From: Peter Maydell <peter.maydell@linaro.org>
To: Anthony Liguori <aliguori@amazon.com>
Cc: "Blue Swirl" <blauwirbel@gmail.com>,
	"Andreas Färber" <andreas.faerber@web.de>,
	qemu-devel@nongnu.org, "Aurelien Jarno" <aurelien@aurel32.net>
Subject: [Qemu-devel] [PULL 11/30] target-arm: A64: Saturating and narrowing shift ops
Date: Mon, 17 Mar 2014 22:12:02 +0000	[thread overview]
Message-ID: <1395094341-19339-12-git-send-email-peter.maydell@linaro.org> (raw)
In-Reply-To: <1395094341-19339-1-git-send-email-peter.maydell@linaro.org>

From: Alex Bennée <alex.bennee@linaro.org>

This implements the remaining [US][Q][R]SHR[U][N][2] opcodes, which are
saturating and narrowing shift right operations. These are used in
things like libav. Note signed shifts can have an "unsigned" saturating
narrow operation which will floor negative values.

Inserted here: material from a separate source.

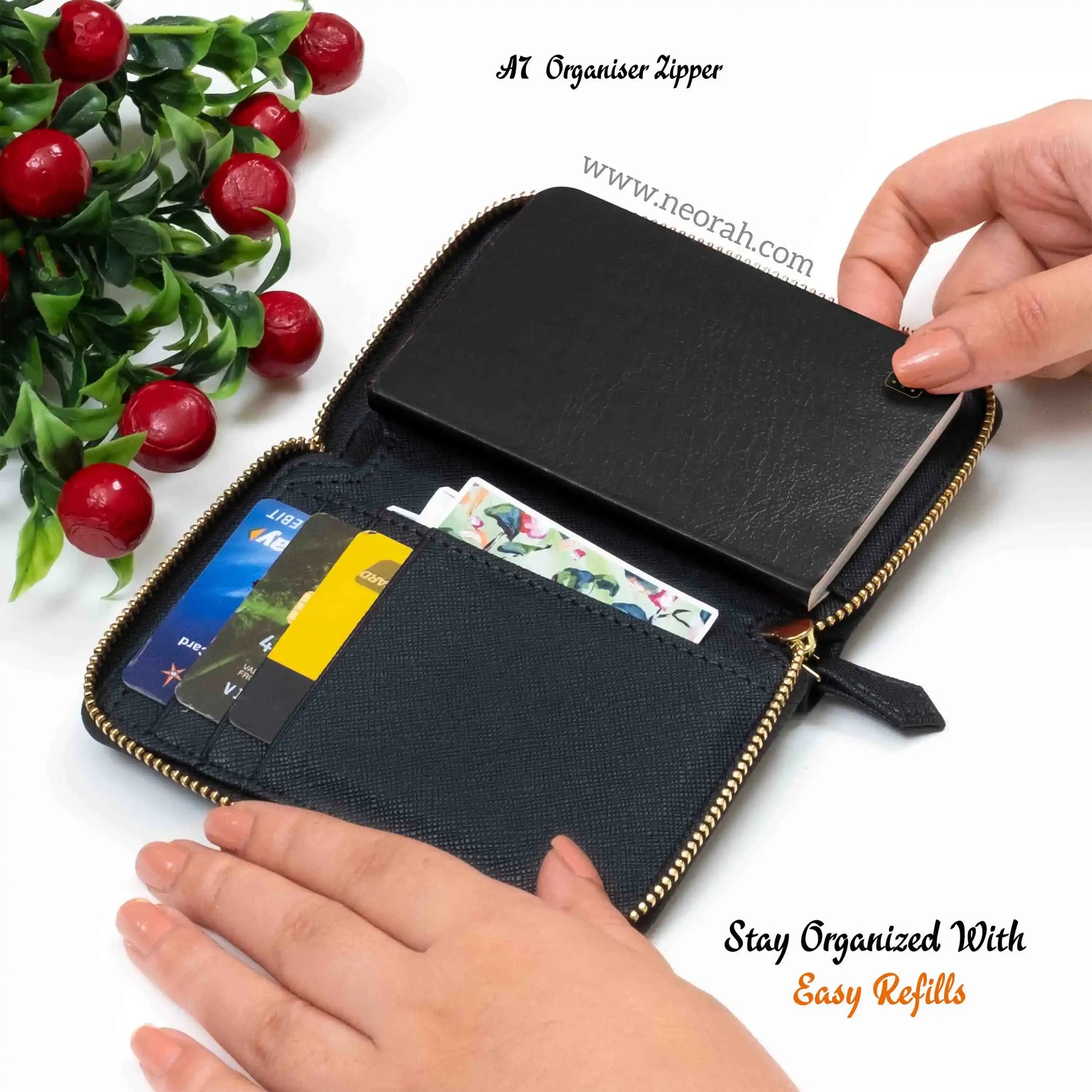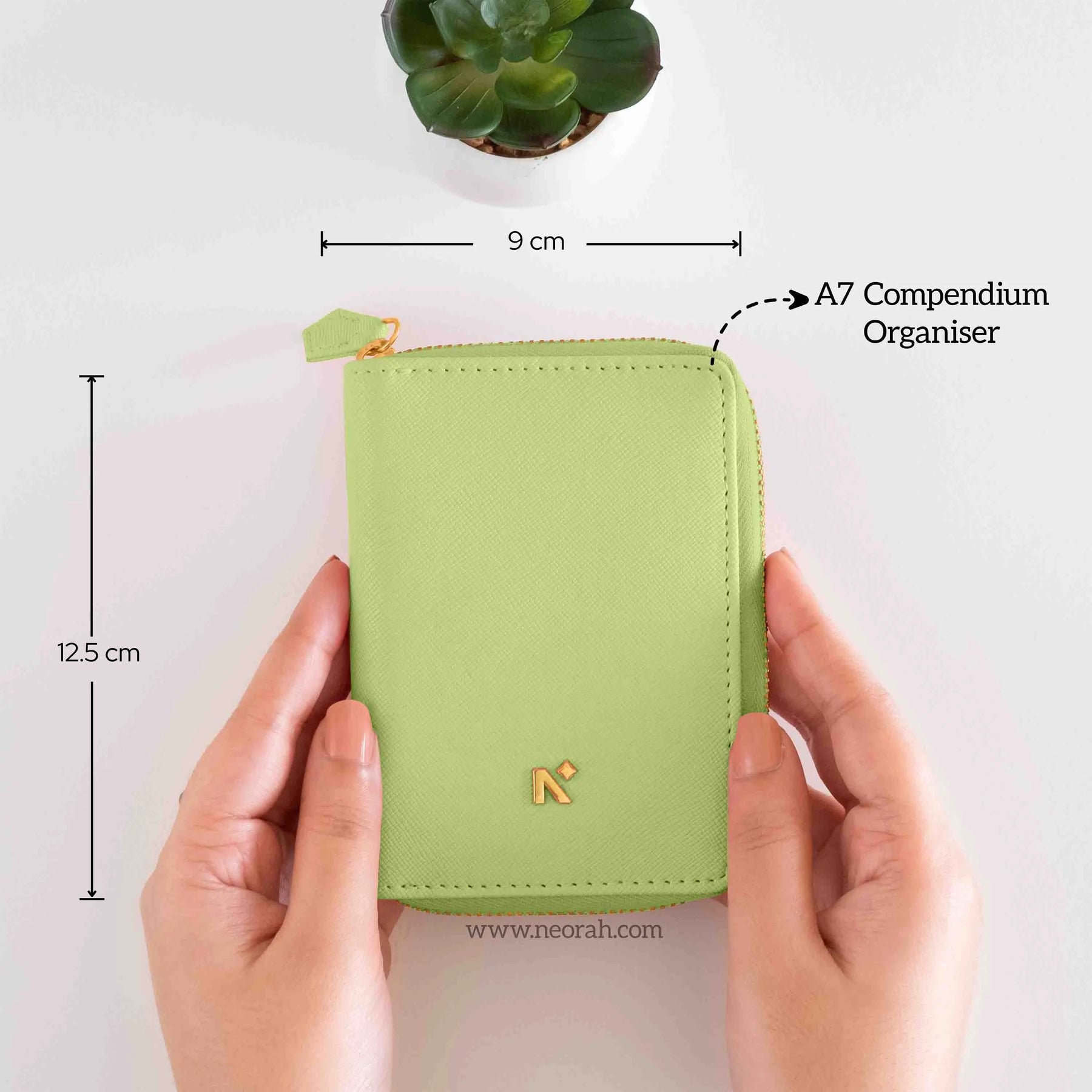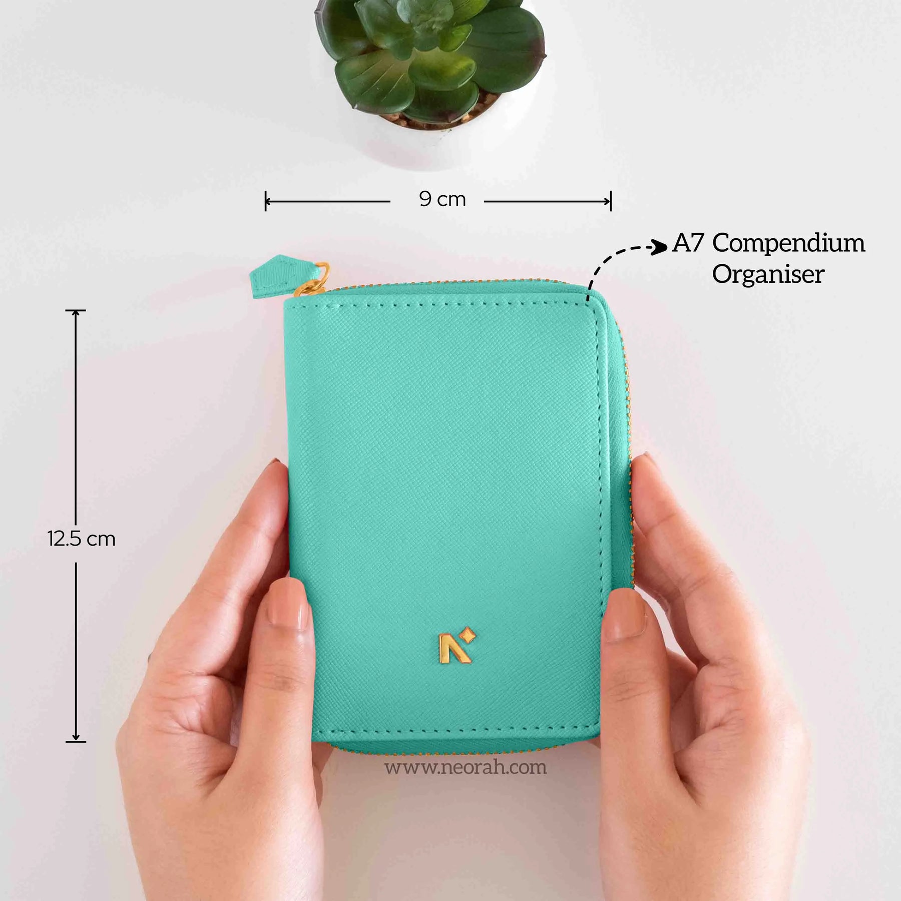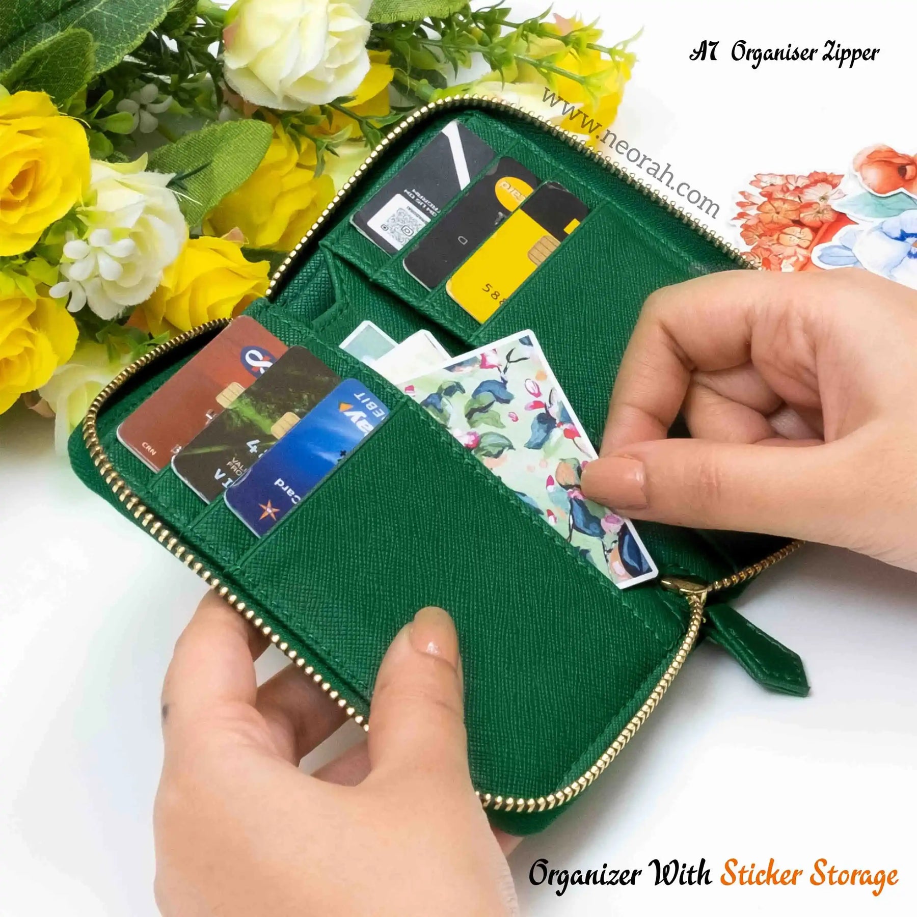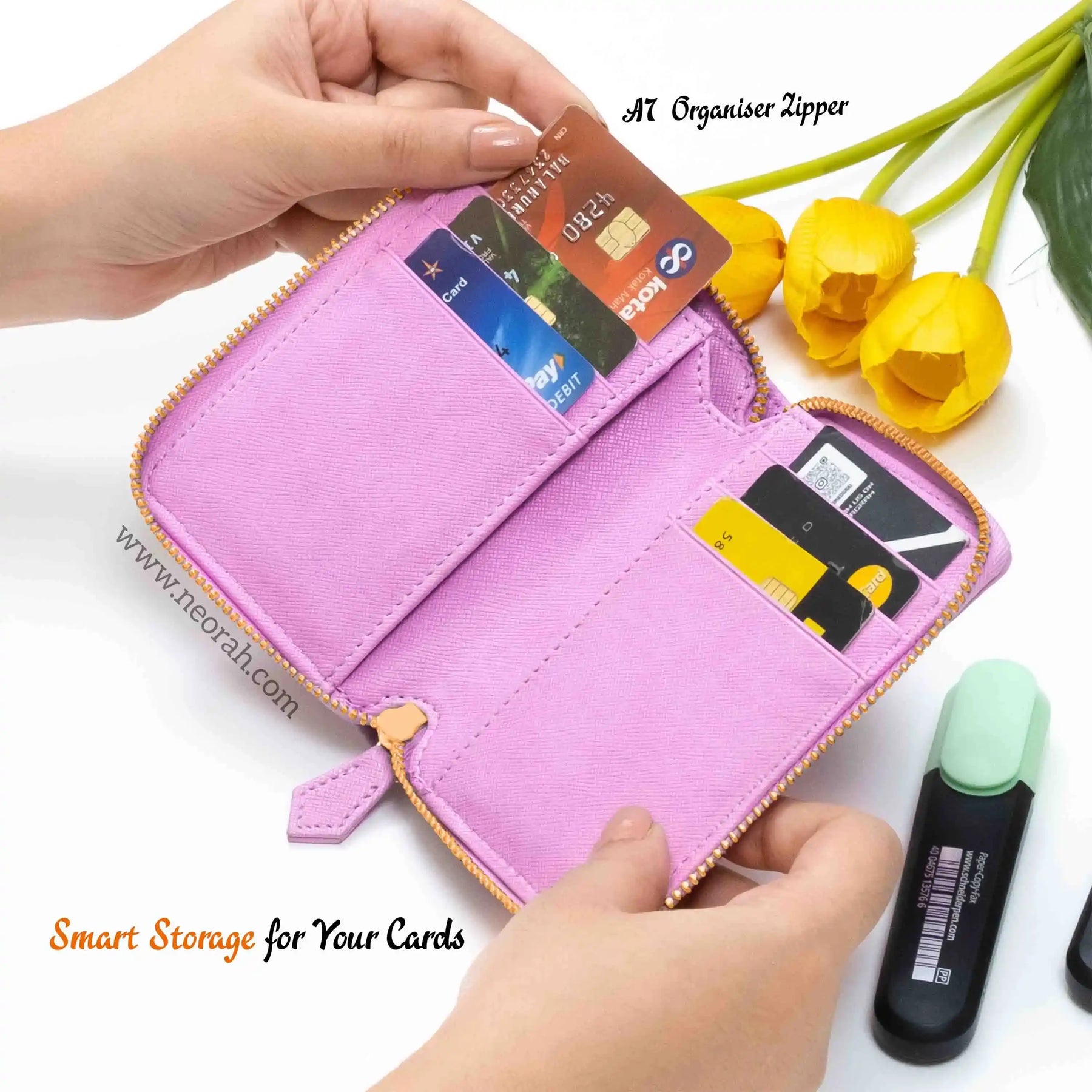 [ HANDCRAFTED TO PERFECTION ] This Journal cover is handcrafted with double panelled Vegan Leather that makes it a sturdy and reliable companion. The Journal Organiser has golden metallic zippered closure a compartment to insert any one replaceable A7 Soft Cover Journal 1 side compartment for stickers, bills or receipts 6 card slots a Wallet Space for cash, ticket etc.

Signed-off-by: Alex Bennée <alex.bennee@linaro.org>
Reviewed-by: Richard Henderson <rth@twiddle.net>
Signed-off-by: Peter Maydell <peter.maydell@linaro.org>
Message-id: 1394822294-14837-7-git-send-email-peter.maydell@linaro.org
[PMM: Added the scalar encodings, style tweaks]
Signed-off-by: Peter Maydell <peter.maydell@linaro.org>
---
 target-arm/translate-a64.c | 181 ++++++++++++++++++++++++++++++++++++++++++++-
 1 file changed, 178 insertions(+), 3 deletions(-)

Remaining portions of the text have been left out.